Anne Frank wrote about how her view of family would constantly expand depending on the situation. She was always having to welcome new people into the annexed space, and those people would depend on one another because of the situation. While she had her family that she loved, she also came to see friends and supporters as being “family” members. It is in this that one can see a lesson being taught by Frank. Family does not have to be narrow, and when people have been through incredible stress and tragedy together, they tend to be bonded in a way that is much closer than friendship. Her view of family is expansive enough that it challenges readers to think about their own perceptions of family.
In addition, Frank’s work is unique because, as she writes about her life, she is not taken fully by the gravity of the circumstances around her. Instead, she comes to describe that she still has some challenges as a young woman in a world with high expectations of her. Just because there are people who are threatening to kill her and everyone she has ever known does not mean that Frank is immune to the difficulties of growing up. She is a young woman who is trying to figure out her place in the world, and more, she is trying to navigate the relatively standard challenges of that world. Even the little things that young girls have to figure out to grow up are present in her life while she is still dealing with the bigger troubles all around her.
Finally, the book fully touches on the fact that warfare, especially in the context of World War II and the Holocaust was inescapable. She describes the scenes in which the people around her in the annex are addicted to the news about the war. Every move that they made had the war in mind. They were thinking about when the war might end, what danger might come next, and whether there was anything they might do to be safer. When one is in war, it permeates every conversation. Though Frank sometimes gets out of this in order to write about different things, the drum beat of war is still in the background.
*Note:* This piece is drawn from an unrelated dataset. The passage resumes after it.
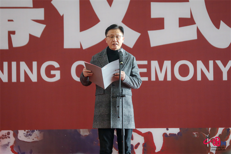 山東美術館館長、山東省美協副主席楊曉剛致辭。中國網記者 鄭偉 攝

Ultimately the life of Anne Frank is unique in a way. It shows many themes because it looked at life and a difficult time from such a unique perspective. Frank’s writing is in many ways about family and about a little girl who was able to see family as something big and bold and expansive. In addition to that, Frank wrote about growing up and how being a child did not stop just because one was in danger. Finally, the world was on some level about the constancy of warfare, which was dangerous and hellish for those who had to live through it.